Passing in a dictionary when constructing a DataFrame will create a table-like structure where the keys are the column labels, and values are column data (of type Series). Let’s look at the following example:

df = pd.DataFrame(
	{
	    "A": [1, 2, 3],
	    "B": ["x", "y", "z"],
	    "C": [10.5, 20.1, 30.2]
	    "D": [1, "two", 3.0]
	},
	index=["row1", "row2", "row3"]
)

Some observations:

  • Accessing df["A"] will return a Series of integers.
  • There is no such thing as a row internally, it is constructed on the fly.
  • Pandas will autogenerate row labels from 0...n allowing access with loc
  • You can specify custom row labels with index=
  • Entry "D" in this case will receive the object data type due to heterogenous data which may have performance implications.

Inspecting Data

  • df.head(): first 5 rows
  • df.tail(): last 5 rows
  • df.shape: string of format (rows, cols)
  • df.info(): column data types info
  • df.describe(): summary stats for numeric columns

Selecting Data

  • df["A"]: Series (single column)
  • df[["A", "D"]]: DataFrame (multiple columns)
  • df.iloc[0]: row by integer
  • df.loc[0]: row by label (label is index integer by default)
  • df.loc[0, "A"]: element at row 0 column "A"
  • df[df["A"] > 1]: filter rows
  • df.loc[df["A"] > 1]: filter rows with loc ()

Additional reading: The last two examples are a little difficult to decipher and require a stronger foundation of how df and df.loc differ. Take the following simplification with a grain of salt: loc is capable of more and is generally recommended for most usage.

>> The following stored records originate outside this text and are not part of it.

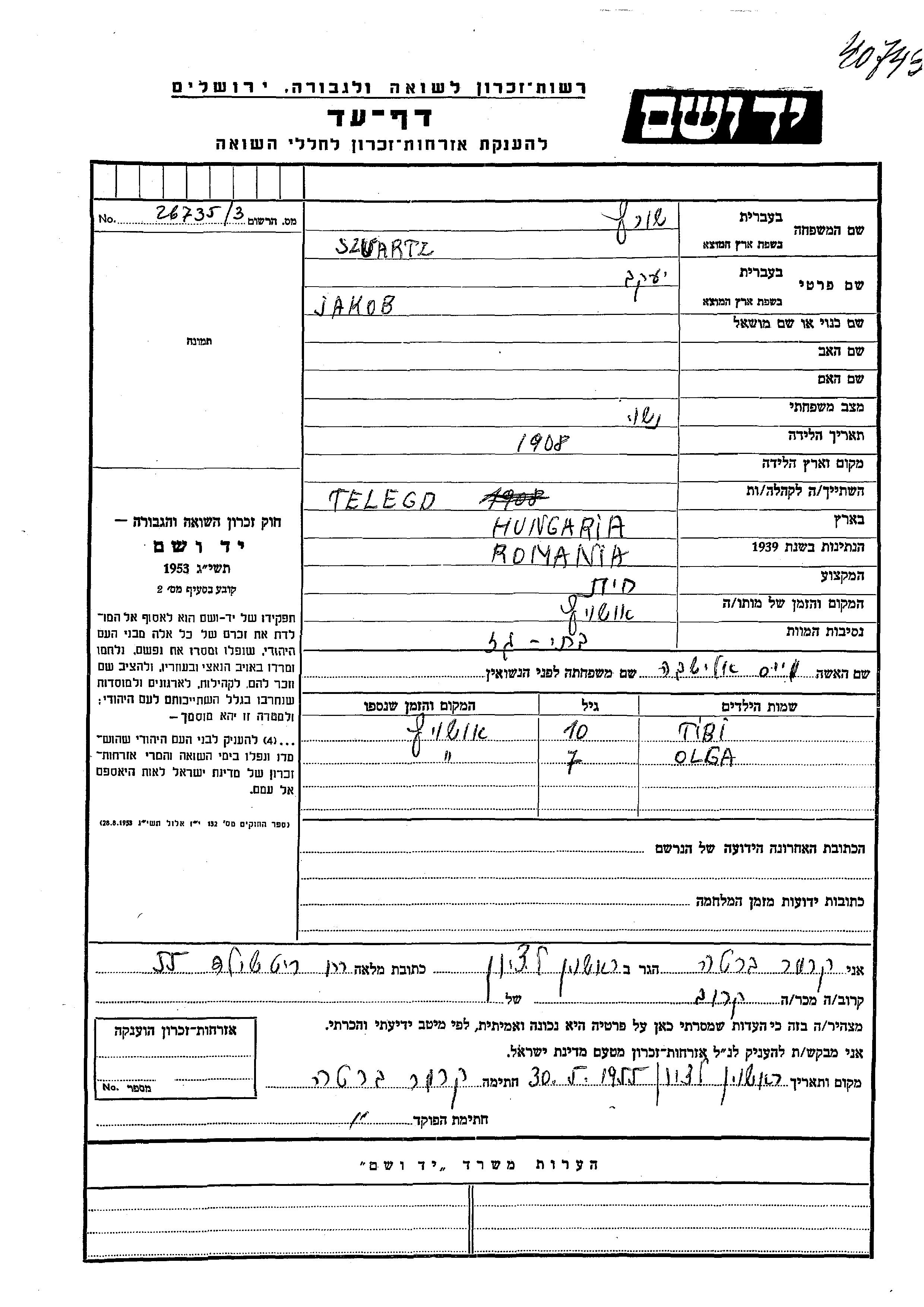 Szvartz Jakob 1908 Telegd, Roumanie Feuille de témoignage
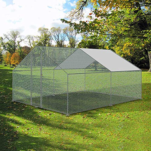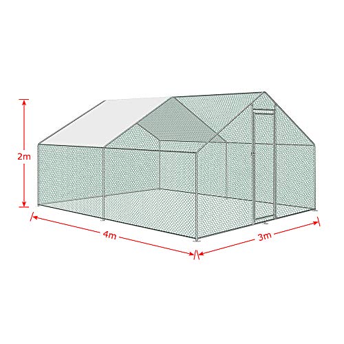 Mit Sechskant-HDPE-Netz und Stabile Freilaufgehege aus Wetterfestem, verzinktem Metall mit Tür bietet Kleintiere wie Hühner, Enten und Kaninchen reich Freiraum,Geschützt vor Greifvögeln und Katzen, Einfache Montage.
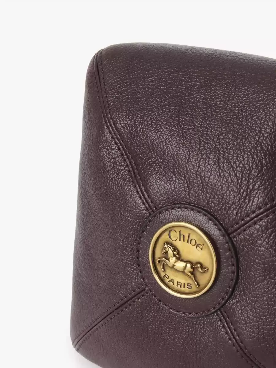 Questa piccola borsa Chloé Balloon è realizzata in un patchwork di pelle di bufalo granata e pelle di vacchetta granata lucida. La silhouette arrotondata e destrutturata è rifinita con una chiusura a barilotto color oro di ispirazione equestre e una catena, mentre la medaglia a forma di cavallo, simbolo della Maison, impreziosisce la base della borsa.
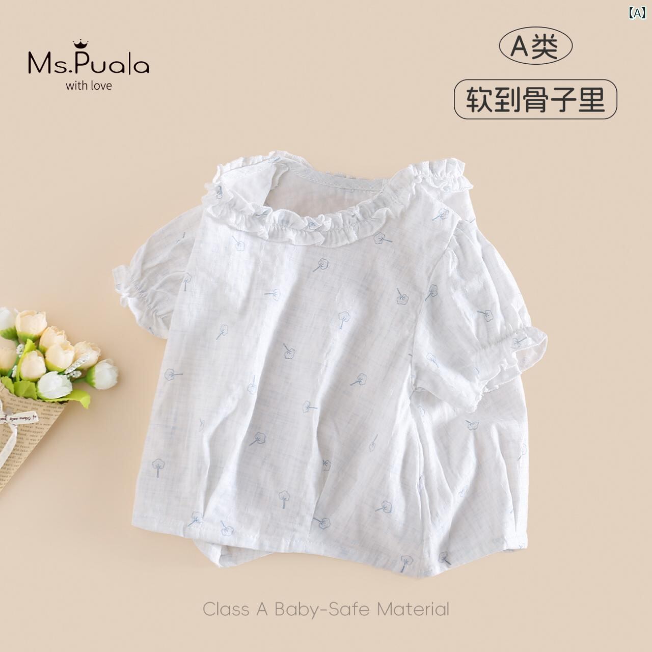 子供服 シャツ 春夏 ベビー 女児 トップス 半袖 丸首 コットン 花柄 柔らかい 肌に優しい 快適 普段着

Looking at df[df["A"] > 1]: Here, df["A"] will return a column of values. For each value in this column we will check if val > 1. Internally, this computes a boolean Series [False, False, True, True...]. If df[] receives a boolean mask like this, pandas only keeps the rows where the mask is true. So this expression selects all rows where the value of column A is greater than 1.

This SQL analogy may help: SELECT * FROM df WHERE A = '1';

Modifying Data

  • df["D"] = df["A"] * 2:
  • df["E"] = df["B"].str.upper():
  • df.drop(columns="C", inplace=True): remove column(s)

Common Operations

df["A"].mean()
df["C"].sum()
df.max()
df.sort_values("C", ascending=False)
df.rename(columns={"A":"Alpha"}, inplace=True)